Gone are Trump’s rollercoaster, norm-busting approaches to China and North Korea, in which he flattered their authoritarian leaders while launching a trade war and warlike rhetoric, respectively.
Instead, Biden has vowed to tackle China’s “advancing authoritarianism” while calling out alleged rights abuses of the ethnic Uyghur minorities in the Xinjiang region and eroding freedoms in Hong Kong, all of which Beijing denies.
But he has also vowed to work with China “when it’s in America’s interest to do so,” on subjects such as climate change and dealing with North Korea’s nuclear arsenal.
This tough talk has caused some “unhappiness” in Beijing, according to Victor Gao, a former interpreter for Chinese leader Deng Xiaoping. But overall the Chinese government “is relatively happy to see that the Biden administration has demonstrated a higher level of professionalism as well as a deeper knowledge,” said Gao, now chair professor at Soochow University in Suzhou, China.
China-watchers were impressed with the timing of Biden’s call to Chinese President Xi Jinping. It came on the eve of Chinese New Year, and therefore was seen as a “mark of civilizational respect to the Chinese people” and showed a cultural “deftness” from Biden and his team, according to Rudd, president of the Asia Society, a New York nonprofit group.
Not ‘Conan the Barbarian’
Biden has clearly won plaudits simply by not being Trump, whom Rudd likens to “Conan the Barbarian” because of his “swaggering indifference to climate change policy, contempt for the history of alliances, and his egregious sucking up to dictators.”

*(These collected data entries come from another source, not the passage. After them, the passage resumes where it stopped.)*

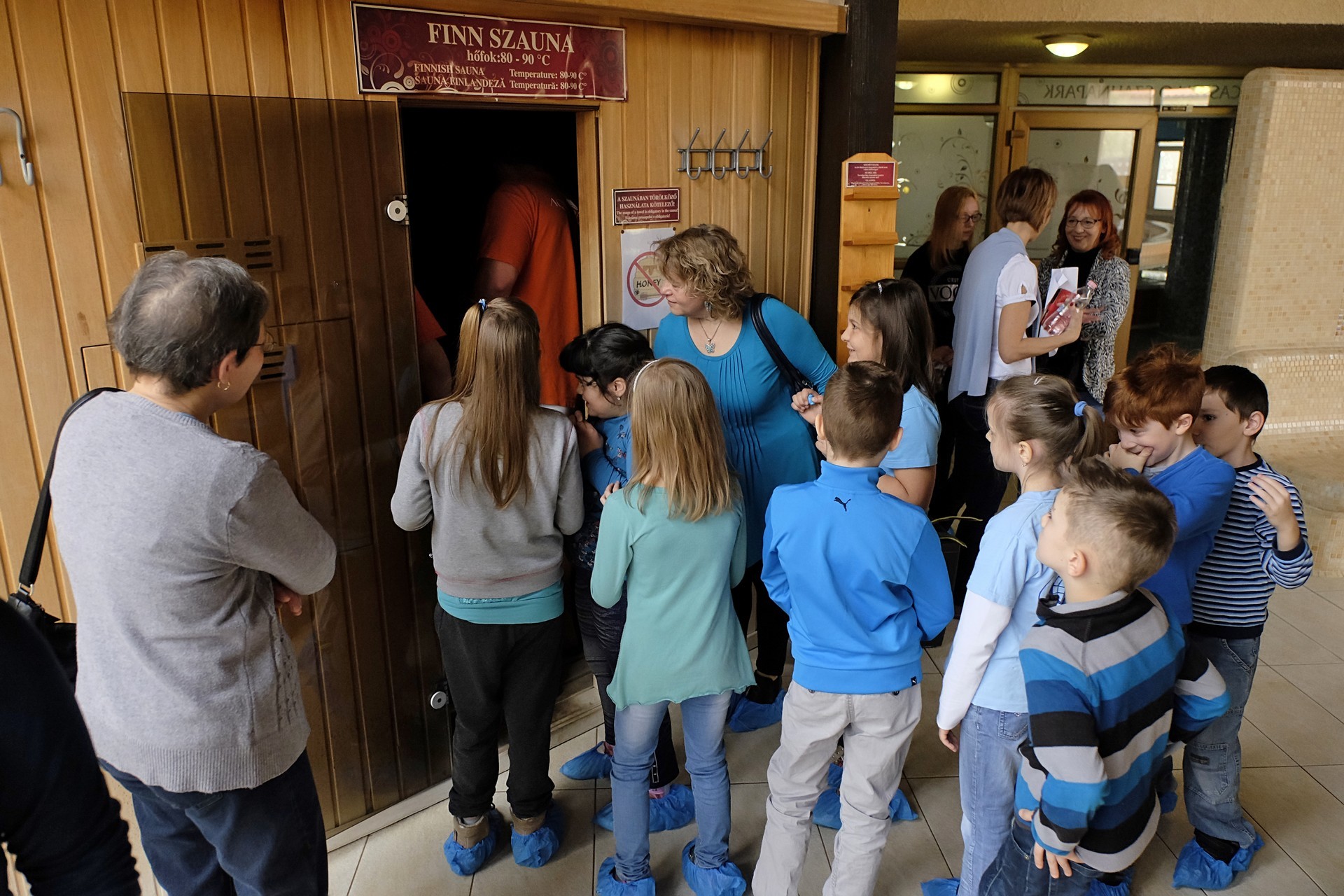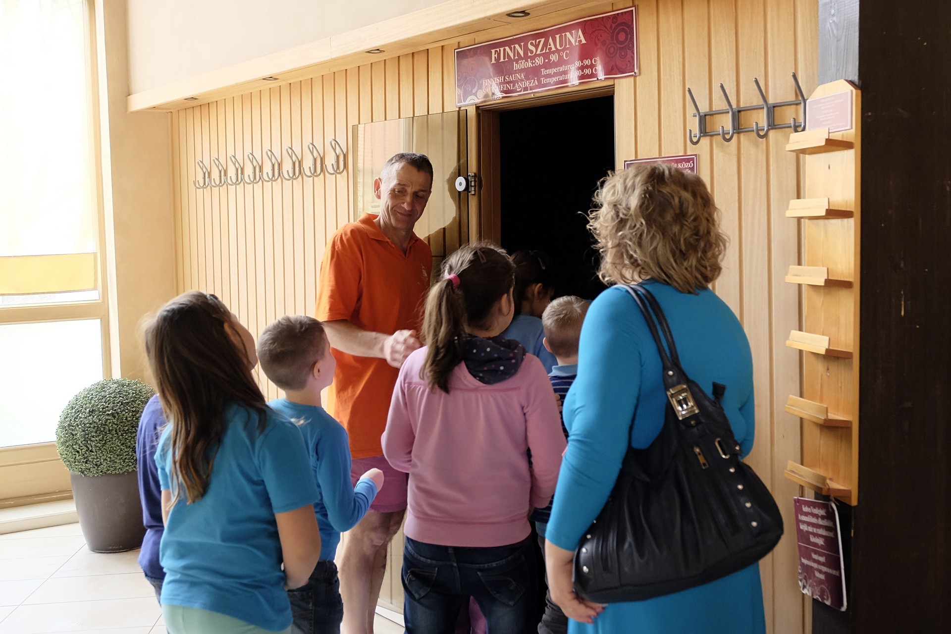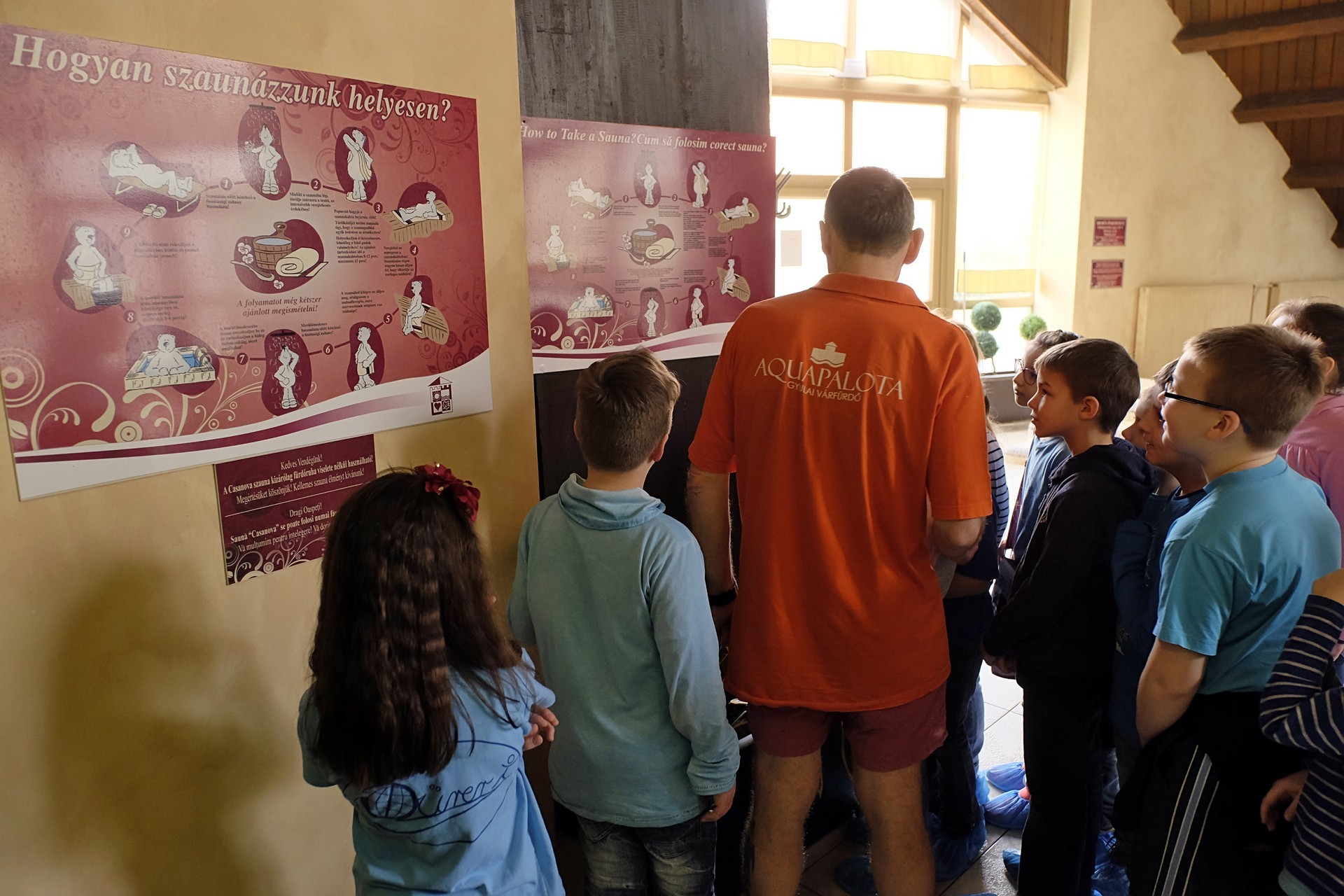 A séta a wellnessrészlegen folytatódott, majd a kicsik azt is megtekinthették, mi történik egy szaunaszeánszon, eztán pedig az AquaPalotát vették célba, ahol azt is megtudhatták, hogy annak levegőjét a medencékből leengedett gyógyvíz melegíti. Végül a csapat annak pincéjébe indult, és a berendezést működtető hőszivattyűt is megnézhette a nem mindennapi nyílt napon.
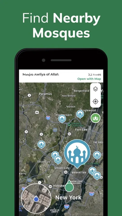- Locate the nearest mosques to your current location
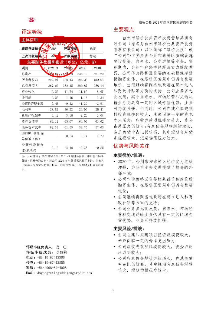 大公:台州市路桥公共资产投资管理集团有限公司主体信用评级报告及跟踪评级安排.pdf
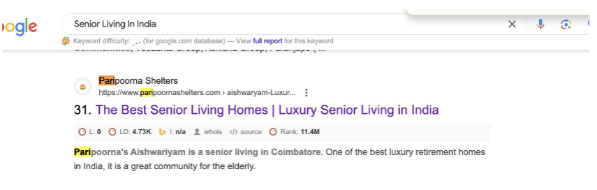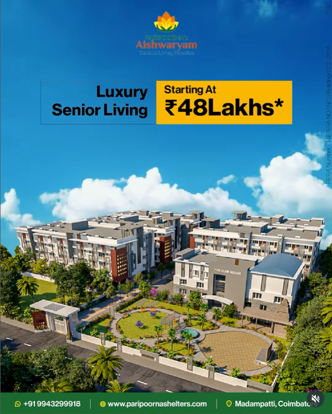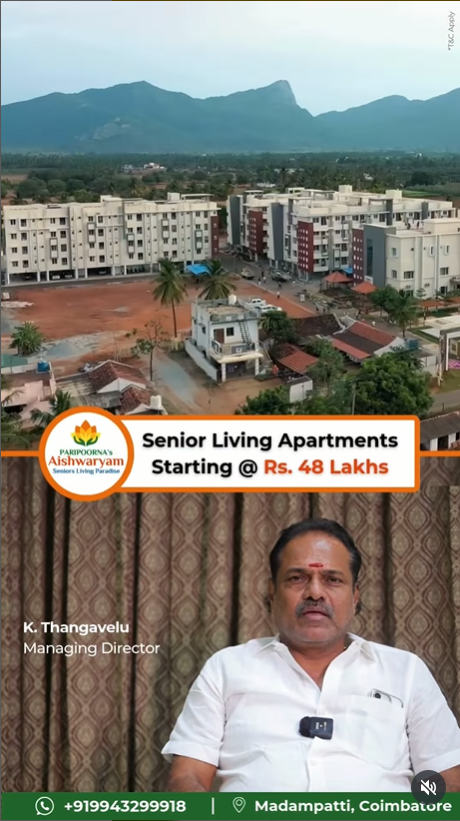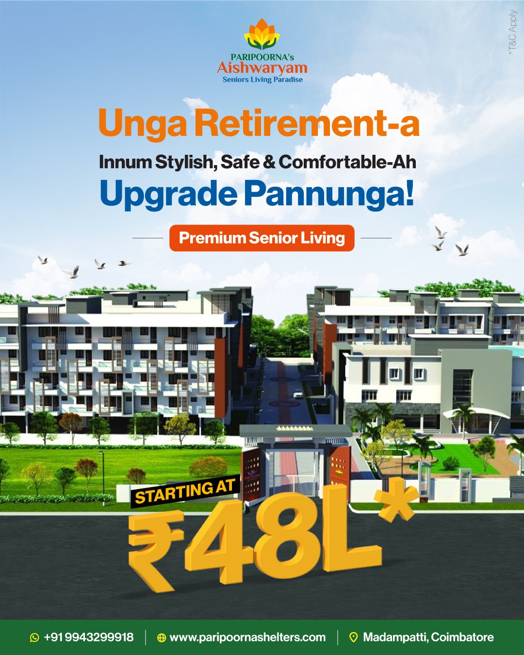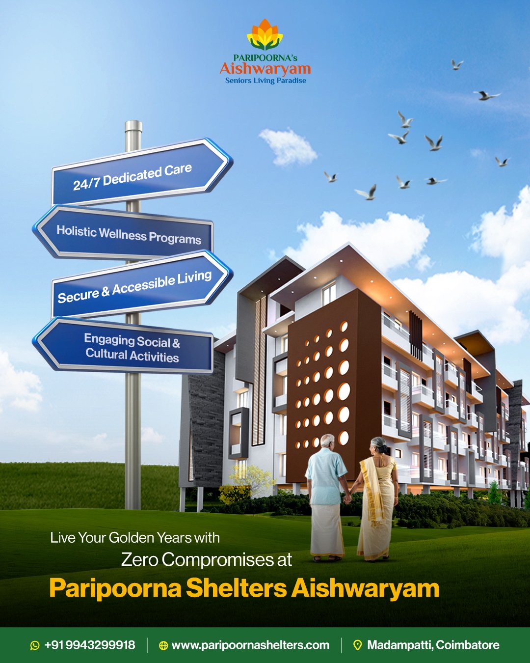 Paripoorna Shelters (P) Ltd. develops premium senior living communities under Aishwaryam Seniors Living Paradise. Backed by a seasoned team, their projects across South India reflect unmatched quality, thoughtful design, and specialized services. Paripoorna is committed to creating safe, comfortable, and enriching lifestyles for seniors through every project they build. Learn More

Trump’s relationship with Washington’s allies was so toxic and unpredictable that it was comparable to “domestic violence” on a geopolitical scale, according to Stubb, who was also a Finnish foreign minister and a career diplomat. “No one knew what they were in for.”
Now with the Biden administration, “we see a fairly traditional democratic foreign policy emerging from a president whose instincts are multilateral, whose instincts are about cooperation, whose instincts are about alliances, whose instincts are about democracy,” he said.
The call with Xi was not an isolated incident. Biden sent a video message to the African Union ahead of its annual summit this year, “which was tremendously significant,” said Tibor Nagy, who until February was assistant secretary of state for African affairs. “In Africa, symbolism matters a lot.”
The optics couldn’t be more different from that of the previous president, who once referred to countries in Africa as well as Haiti as “shithole” nations.
But explaining how you’re going to solve the world’s intractable puzzles is a lot easier than actually solving them.
If these obstacles were daunting when Biden was Obama’s vice president, they have gained a new complexity now.
America finds its global dominance challenged, and there is now far more domestic scrutiny on foreign commitments than the relative leeway in the years after the terror attacks of Sept. 11, 2001, Babones believes.
“It’s just a more complex world,” von Hippel at RUSI said. “The U.S. is not as strong as it was four years ago, and it needs to compromise more and be a different type of superpower.”